PROJECT SUMMARY: A primary function of growth plate cartilage is to support bone formation and elongation during endochondral ossification. Growth plate chondrocytes undergo rapid proliferation and matrix synthesis followed by hypertrophic differentiation. Hypertrophic chondrocytes secrete various factors that degrade the cartilage matrix, recruit vascular cells and osteoblast progenitors, and promote the differentiation of osteoblasts responsible for new bone formation. Dogma dictates that hypertrophic chondrocytes ultimately undergo apoptosis to facilitate removal of the cartilage template that is eventual replaced by bone. Recent cartilage-specific lineage tracing studies have suggested that terminal hypertrophic chondrocytes are capable of directly differentiating into mature osteoblasts during bone formation and repair via a process known as transdifferentiation. However, our preliminary data suggests that at least a subset of terminal hypertrophic chondrocytes undergo dedifferentiation to generate bone marrow mesenchymal stem/progenitor cells (BMSCs) capable of differentiating into various mature cell types including: osteoblasts and adipocytes. Since almost nothing is known about this process, our long-term goal is to identify the cellular and molecular mechanism(s) that regulate hypertrophic chondrocyte dedifferentiation during endochondral bone formation. Using a variety of sophisticated mouse genetic models and in vitro systems, we aim to: (Aim 1) identify whether hypertrophic chondrocytes dedifferentiate to form a molecularly and functionally distinct population of multipotent BMSCs, (Aim 2) determine whether NOTCH signaling in hypertrophic chondrocytes is necessary and/or sufficient to promote chondrocyte dedifferentiation during endochondral bone formation, and (Aim 3) establish whether SOX2 is an important regulator of hypertrophic chondrocyte dedifferentiation and a target of NOTCH signaling in the regulation of this process. Completion of these aims will have broad implications in skeletal biology by elucidating fundamental cellular and molecular mechanisms associated with the novel process of hypertrophic chondrocyte dedifferentiation during endochondral ossification. This work will also aid our understanding of NOTCH-related skeletal diseases, as well as, set the stage for developing novel approaches for the ex vivo generation of mesenchymal stem/progenitors from cartilage for use in regenerative medicine or cell therapeutic applications.

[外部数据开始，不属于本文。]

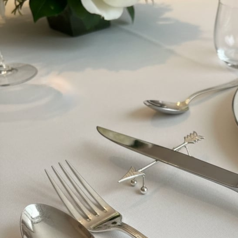 Een messenlegger (ook wel messensteun) wordt gebruikt om het mes tussen gangen door hygiënisch en netjes van het tafelkleed af te houden. Je legt het mes na gebruik op de messenlegger, zodat het lemmet de tafel niet raakt en er geen vlekken of kruimels op het linnen achterblijven. Messenleggers worden traditioneel per couverts gebruikt en dragen bij aan een verzorgde, formele tafelpresentatie.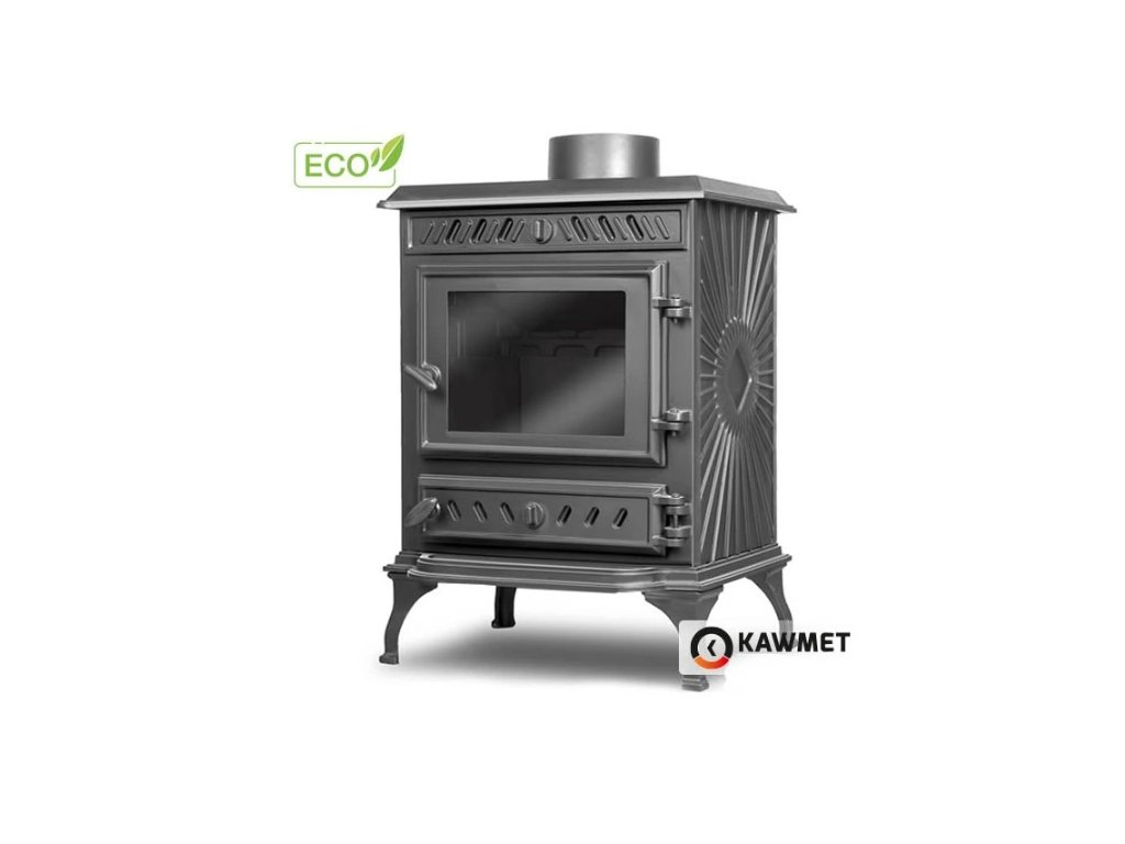 KAWMET P3 jsou teplovzdušná krbová kamna, která předávají teplo sáláním z litinového pláště a zároveň konvekcí – ohřátý vzduch stoupá vzhůru kolem topeniště a rovnoměrně prohřívá místnost. Jmenovitý výkon 7,4 kW a vytápěcí schopnost cca 74 m² jsou ideální pro menší domy, byty nebo chalupy.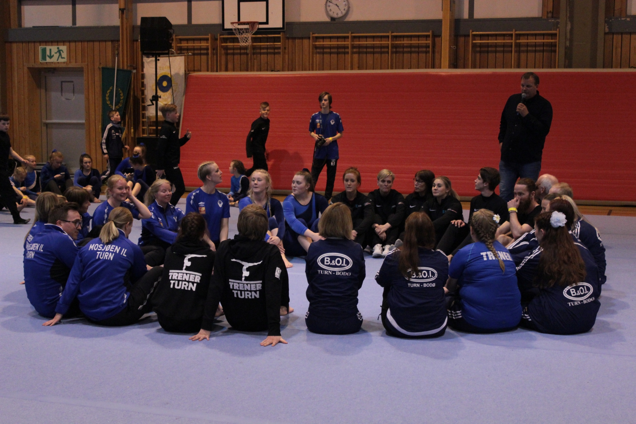 Med på leiren hadde vi 16 engasjerte trenere som hadde kontroll på alle gymnastene i salen, og som gjorde en fantastisk jobb hele uken. En stor takk til Frida Forberg og Stian Sivertsen som hadde ansvaret for det sportslige og som fulgte opp trenerteamet. Lillian Bøe har vært med på leiren siden 2012, og var leirsjef for første gang i år. Hun gjorde en strålende jobb! Hun sikret at alle la seg til leggetid (ingen nåde), og var alltid til stedet og håndterte hva enn som dukket opp.For kretskonsulent Ingvild Vårdal Bredesen var det både gøy og lærerikt å være med og lede leiren- sist hun var med var på turnleiren var som gymnast selv i 1998. To stykker som fortjener en hyllest er de to eminente damene som hjalp til med å lage og servere mat, Gunn Fossum og Berit Andersen! De har vært med i flere år og kretsen er helt avhengig av å ha to ildsjeler som dem for å kunne gjennomføre et slikt arrangement.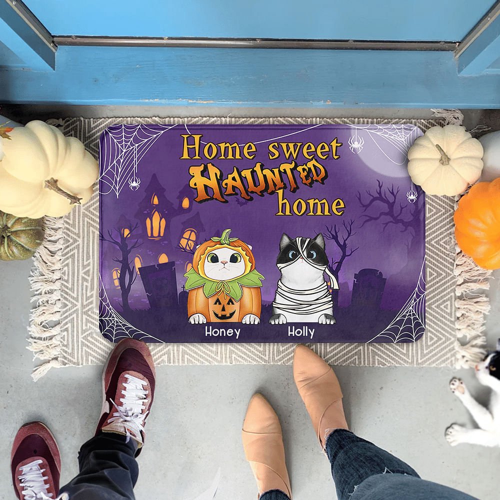 The design of this door mat is inspired by classic Halloween elements and cleverly incorporates the role-playing image of a cute cat. You can choose from one to five cat patterns, each dressed in a unique Halloween costume, whether pumpkin, mummy, demon, or witch, to create a mysterious yet warm holiday atmosphere. You can also customize the name and title to create your special decorations.

项目总结： 生长板软骨的主要功能是支持软骨内骨的形成和伸长。 骨化。生长板软骨细胞经历快速增殖和基质合成，然后肥大 差异化。肥大的软骨细胞分泌各种因子，降解软骨基质，招募血管 并促进负责新骨形成的成骨细胞的分化。 Dogma规定，肥大的软骨细胞最终会发生凋亡，以促进软骨的去除 最终被骨骼替换的模板。最近的软骨特异性谱系追踪研究表明， 终末肥大的软骨细胞在成骨过程中能够直接分化为成熟的成骨细胞 通过一个称为转分化的过程形成和修复。然而，我们的初步数据表明，至少 终末肥大软骨细胞亚群经历去分化形成骨髓间充质 干细胞/祖细胞(BMSCs)能够分化为各种成熟细胞类型，包括：成骨细胞和 脂肪细胞。由于对这一过程几乎一无所知，我们的长期目标是确定细胞和 软骨内骨肥大细胞脱分化调控的分子机制(S) 队形。利用各种复杂的小鼠遗传模型和体外系统，我们的目标是：(目标1)识别 肥大的软骨细胞是否去分化以形成分子和功能上不同的软骨细胞群 多潜能BMSCs，(目标2)确定肥大软骨细胞中的Noch信号是否必要和/或 足以在软骨内骨形成过程中促进软骨细胞去分化，以及(目标3)确定 SOX2是肥大软骨细胞去分化的重要调节因子，也是Notch信号转导的靶点。 对这一过程的监管。通过阐明这些目标的完成，将在骨骼生物学中产生广泛的影响 肥大软骨细胞新过程的基本细胞和分子机制 软骨内骨化过程中的去分化。这项工作也将有助于我们对缺口相关骨骼的理解 疾病，以及为开发体外培养间充质细胞的新方法奠定了基础 用于再生医学或细胞治疗应用的软骨干/祖细胞。

项目成果

Cell type-specific effects of Notch signaling activation on intervertebral discs: Implications for intervertebral disc degeneration.

• DOI: 10.1002/jcp.26385
• 发表时间: 2018-07
• 期刊: Journal of cellular physiology
• 影响因子: 5.6
• 作者: Zheng Y;Liu C;Ni L;Liu Z;Mirando AJ;Lin J;Saijilafu;Chen D;Hilton MJ;Li B;Chen J
• 通讯作者: Chen J

Interleukin-6 signaling mediates cartilage degradation and pain in posttraumatic osteoarthritis in a sex-specific manner.

• DOI: 10.1126/scisignal.abn7082
• 发表时间: 2022-07-26
• 期刊: Science signaling
• 影响因子: 7.3

Aged G Protein-Coupled Receptor Kinase 3 (Grk3)-Deficient Mice Exhibit Enhanced Osteoclastogenesis and Develop Bone Lesions Analogous to Human Paget's Disease of Bone.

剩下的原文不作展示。